## WORK REQUIRED
Your task is to reproduce, verbatim and without pictures, the lines from the opening of the listing through the line containing "- طراحی: این".

## RECORDED DATA
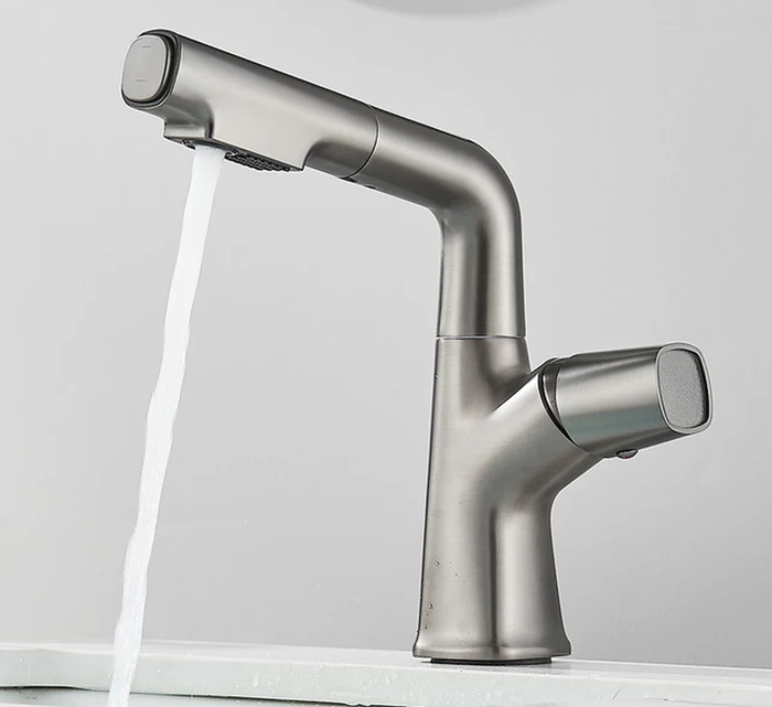 Смеситель Quyanre для кухонной раковины с выдвижным душем. Элегантный современный смеситель для кухонной раковины примечателен своей многофункциональностью. Верхняя часть оснащена выдвижным гибким шлангом, что повышает комфорт использования. В конструкции присутствует специальная кнопка для смены режимов подачи воды. В комплекте имеются все необходимые элементы для установки. Выбор доступен в четырёх вариантах цвета под любой вариант интерьера кухни.
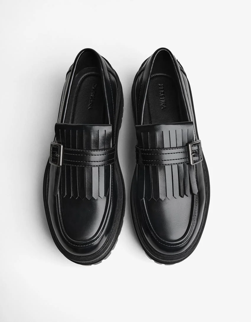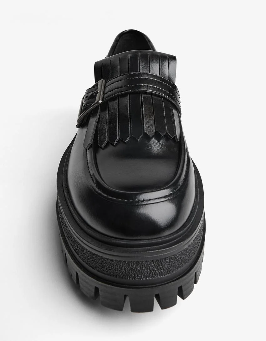 - طراحی: این محصول با الهام از سبک کلاسیک لوفر و ترکیب آن با ترندهای مدرن طراحی شده است که دارای زیره ضخیم (Chunky) و یک سگک فلزی تزئینی برای ایجاد استایلی جسورانه و متمایز می باشد.
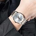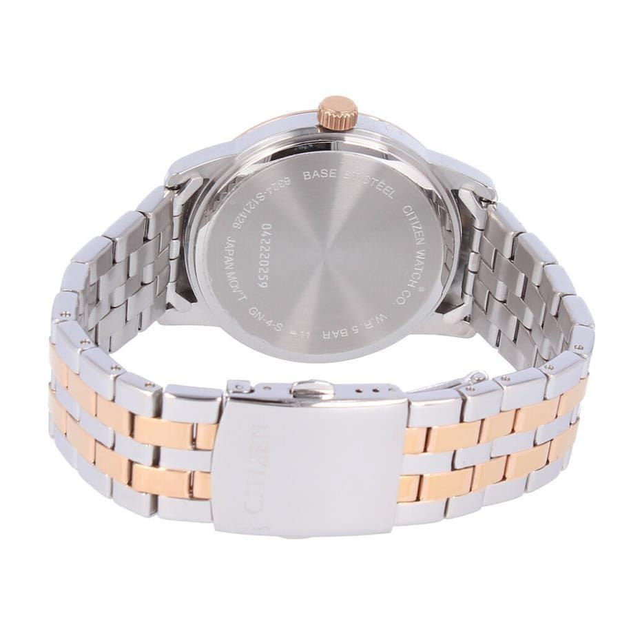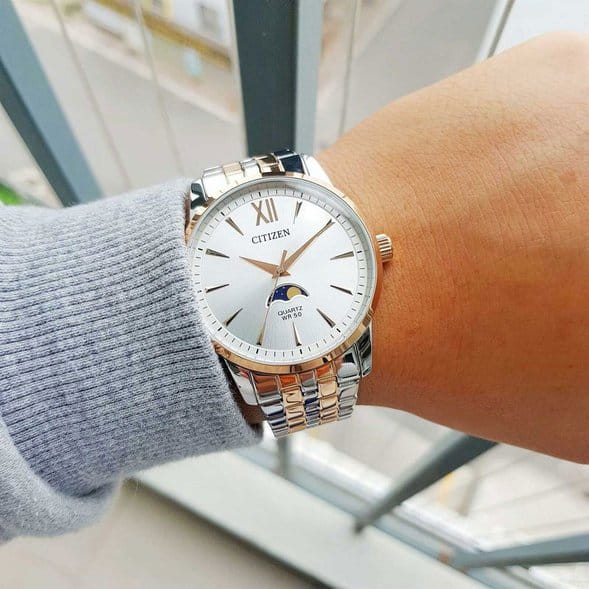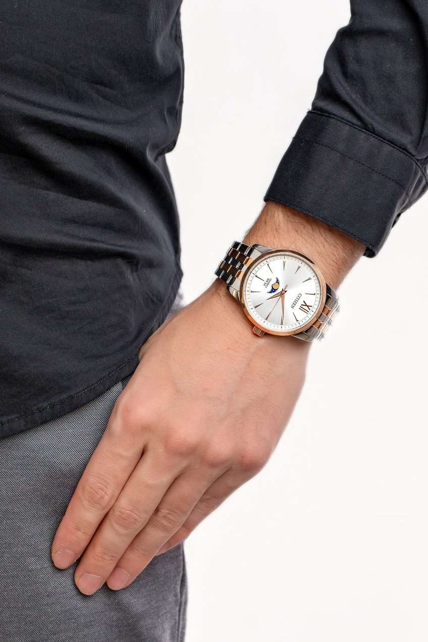 Часы Citizen AK5006-58A произведены в Японии и оснащены надёжным кварцевым механизмом калибра Citizen 6324. Корпус выполнен из нержавеющей стали и имеет классическую круглую форму диаметром 42 мм, а безельБезельВнешний ободок, закрепляющий стекло. В спортивных часах так называется поворотное кольцо с делениями на циферблате, выполняет роль таймера – замеряет отрезки времени на шкале. Неподвижный безель – элемент декора. Однонаправленно вращающийся безель на дайверских часах позволяет фиксировать моменты погружения и выныривания на поверхность. с элегантным золотистым IP-покрытиемIP-покрытиеМетод ионного напыления. Демонстрирует повышенную устойчивость к истиранию, окислению и химическим веществам. Под воздействием высокого давления и температуры около 1500°C молекулы металла надёжно соединяются с частицами корпуса часов.. Минеральное стеклоМинеральное стеклоМинеральное стекло представляет собой искусственно выращенный минерал кварца. Такое стекло отличается особой устойчивостью к повреждениям и царапинам. Уступает по некоторым качествам сапфировому стеклу. защищает серебристый циферблат, украшенный эффектом солнечных лучей по технологии Sunray. На циферблате расположены клиновидные стрелки в стиле Dauphine, метки в виде штрихов и римская цифра в положении 12 часов, а также индикатор фазы Луны — одно из самых востребованных усложнений в часовой классике. Часы защищены от воды по стандарту 50WR, что позволяет не бояться случайных брызг и дождя. Заводная головка отличается рифлёной поверхностью для удобства использования. Стальной браслет с частичным золотистым IP-покрытиемIP-покрытиеМетод ионного напыления. Демонстрирует повышенную устойчивость к истиранию, окислению и химическим веществам. Под воздействием высокого давления и температуры около 1500°C молекулы металла надёжно соединяются с частицами корпуса часов. и раскладной застёжкойРаскладная застёжкаТакой тип застёжки используется только на браслетах из металла. Она никогда не раскрывается полностью, происходит разделение на 2 и более частей. Раскладывающая застёжка снизит вероятность потери часов к минимуму. обеспечивает комфорт и надежную фиксацию на руке. В качестве элемента питания используется батарейка SR621SW, обеспечивающая автономную работу до двух лет.
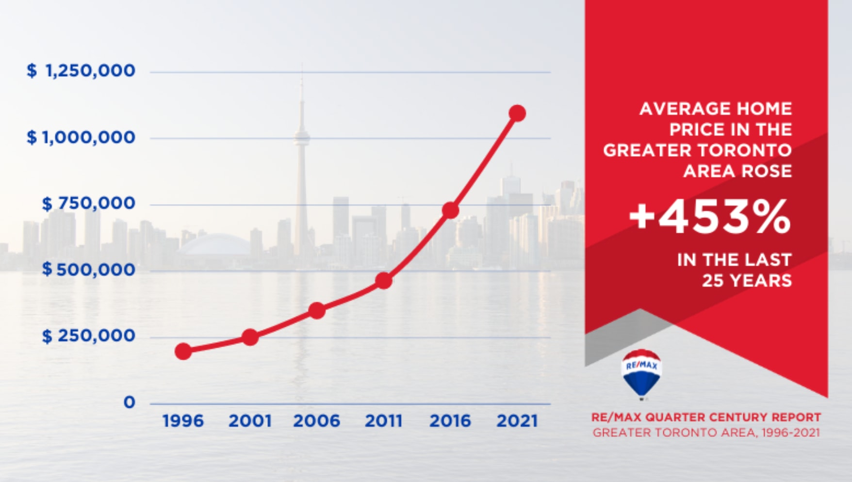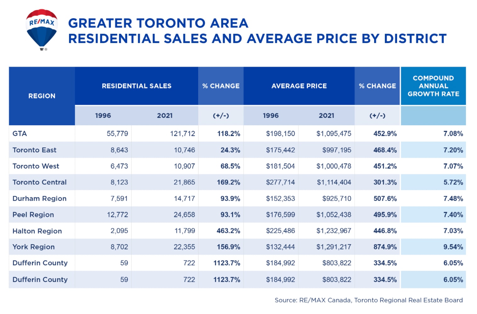 Residential unit sales in the Greater Toronto housing market have doubled and average price has increased more than 450 per cent since 1996, as strong demand and limited supply continue to drive rapid price escalation throughout the 416 and 905 area codes, according to a new report released by RE/MAX Canada.

## ANSWER SECTION
 Смеситель Quyanre для кухонной раковины с выдвижным душем. Элегантный современный смеситель для кухонной раковины примечателен своей многофункциональностью. Верхняя часть оснащена выдвижным гибким шлангом, что повышает комфорт использования. В конструкции присутствует специальная кнопка для смены режимов подачи воды. В комплекте имеются все необходимые элементы для установки. Выбор доступен в четырёх вариантах цвета под любой вариант интерьера кухни.
 - طراحی: این محصول با الهام از سبک کلاسیک لوفر و ترکیب آن با ترندهای مدرن طراحی شده است که دارای زیره ضخیم (Chunky) و یک سگک فلزی تزئینی برای ایجاد استایلی جسورانه و متمایز می باشد.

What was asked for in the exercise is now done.